Sempre que paramos de verdade e observamos profundamente, o resultado é uma melhor compreensão da verdadeira natureza do que existe dentro de nós e ao nosso redor. Não faça “alguma coisa”, apenas sente-se Quando as pessoas dizem: “Não fique aí sentado, faça alguma coisa.”, elas estão lhe compelindo à ação. Porém, quando sua “qualidade de ser” é baixa (quando você não tem paz, compreensão ou equanimidade suficientes, mas mesmo assim tem muita raiva e preocupação), suas ações também terão baixa qualidade. Suas ações deveriam se basear em uma alta “qualidade de ser”. Ser é “não ação”. Portanto, a qualidade da ação depende da qualidade da não ação. A não ação já é alguma coisa. Certas pessoas parecem não fazer muita coisa, mas a sua presença é crucial para o bem-estar do mundo. É possível que você conheça pessoas assim, que são estáveis, mas que nem sempre estão ocupadas fazendo coisas, ganhando muito dinheiro ou engajadas em muitos projetos, e que, ainda assim, são importantes para você. A qualidade da sua presença as torna verdadeiramente disponíveis. Elas estão contribuindo com a não ação, com a alta qualidade da sua presença. Estarmos presentes no aqui e no agora (sólidos e completamente vivos) é uma contribuição muito positiva à nossa situação coletiva. HISTÓRIA Um monge na plataforma Quando eu era um monge novato no Vietnã, fui a um templo chamado Hai Duc, onde vi um mestre zen sentado. Ele não estava na sala de meditação. Estava sentado em uma plataforma simples feita de mais ou menos cinco placas de madeira. A plataforma era pintada de marrom e estava muito limpa. Sobre ela havia uma pequena mesa de quatro pernas, um pouco bambas. Em cima da mesa havia um vaso de flores. Eu vi o mestre zen sentado na plataforma, olhando para a mesa. Ele estava sentado de modo muito natural e em paz, com a sua coluna ereta e o seu corpo relaxado. Ainda criança, eu vi um desenho do Buda sentado na grama. Ele parecia muito livre, relaxado, em paz, e também muito gentil. Naquele momento, eu estava vendo um ser humano real sentado da mesma maneira. Era uma pessoa como eu, não uma ilustração, nem alguém vindo de outro mundo.

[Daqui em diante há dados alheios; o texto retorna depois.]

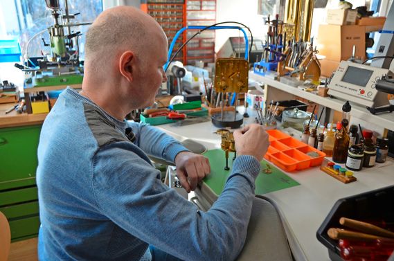 «Es ist meist besser, wenn man eine defekte Uhr gleich zum Fachmann bringt, als selber etwas auszuprobieren», weiss er aus Erfahrung. Seine Werkstatt ist indes für alle Fälle ausgerüstet und bringt so gut wie jeden Zeiger wieder auf Trab. Die meist benutzte Maschine für Reparaturen sei die Drehbank. Und, wie könnte es auch anders sein, denn das Tüftlerherz spürt man bei Mathias Schneider sehr schnell heraus, hat er seine benötigte Lehrenbohrmaschine gleich selber aus diversen Einzelteilen zusammengebaut. Zu entdecken gibt es indes im Laden nicht nur Uhren, sondern auch die kleinste mechanische Rechenmaschine der Welt – die Curta, erfunden vom Wiener Curt Herzstark (1902?1988). So schön die Erfindung ist, so unschön ist die Geschichte, wie Herzstark seine Idee umsetzen musste. Als Halbjude wird er in den 40er Jahren ins Konzentrationslager Buchenwald gebracht, wo er eigentlich mit seinem Leben schon abgeschlossen hat. Dann wird Herzstark aufgrund seiner früheren Arbeiten für die Wehrmacht in das angeschlossene Gustloff-Werk (eine feinmechanische Fabrik der SS) abkommandiert und darf abends und am Sonntag für seine neue, kleine Rechenmaschine zeichnen. Die soll dem «Führer» als Siegergeschenk überreicht werden. Nach der Zeit im KZ sucht Herzstark einen Produzenten für seine Curta und wird im Fürstentum Liechtenstein fündig. Und dass die Curta im Laden von Mathias Schneider steht, das hat seinen Grund, ist dieser doch heute Markenbesitzer und hat natürlich auch alle Ersatzteile für Reparaturen für das kleine Werk parat. Schneider hat aber nicht nur Marken übernommen und kann alles reparieren, er hat auch seine eigene Uhren-Kollektion entwickelt. Und, verrät er, momentan sei er wiederum an einer eigenen Erfindung, den Prototypen würde es bereits geben. Mehr dazu ist dem Mann mit den begabten Händen für die Uhren aber zu diesem Zeitpunkt nicht zu entlocken.

Ver o monge sentado na plataforma foi uma experiência muito sagrada. Eu quis ser capaz de me sentar como ele. Eu sabia que me sentar daquela maneira me traria felicidade. Fazer menos Muitos de nós vivemos tentando fazer mais e mais. Nós fazemos coisas porque pensamos que seja necessário, ou porque queremos ganhar mais dinheiro, alcançar alguma coisa, cuidar dos demais ou melhorar a nossa vida e o nosso mundo. Muitas vezes fazemos coisas sem pensar pelo simples hábito de fazê-las, porque alguém nos pede ou porque pensamos ser a nossa obrigação. Porém, se a base do nosso ser não for forte o suficiente, quanto mais coisas fizermos, mais atribulada se tornará a nossa sociedade. Às vezes, fazemos muitas coisas, mas, na verdade, não fazemos nada. São muitas as pessoas que trabalham demais. Algumas pessoas parecem meditar muito, gastando várias horas do dia fazendo meditação sentada, cantando, recitando e acendendo muitos incensos, mas nunca transformam a sua raiva, frustração e ciúme. Isso acontece porque a qualidade do nosso ser é a base de todas as nossas ações. Se a nossa atitude for a de realizar, julgar ou dominar, todas as nossas ações — até mesmo a nossa meditação — terão essa qualidade. A qualidade da nossa presença é o elemento mais positivo que podemos oferecer ao mundo.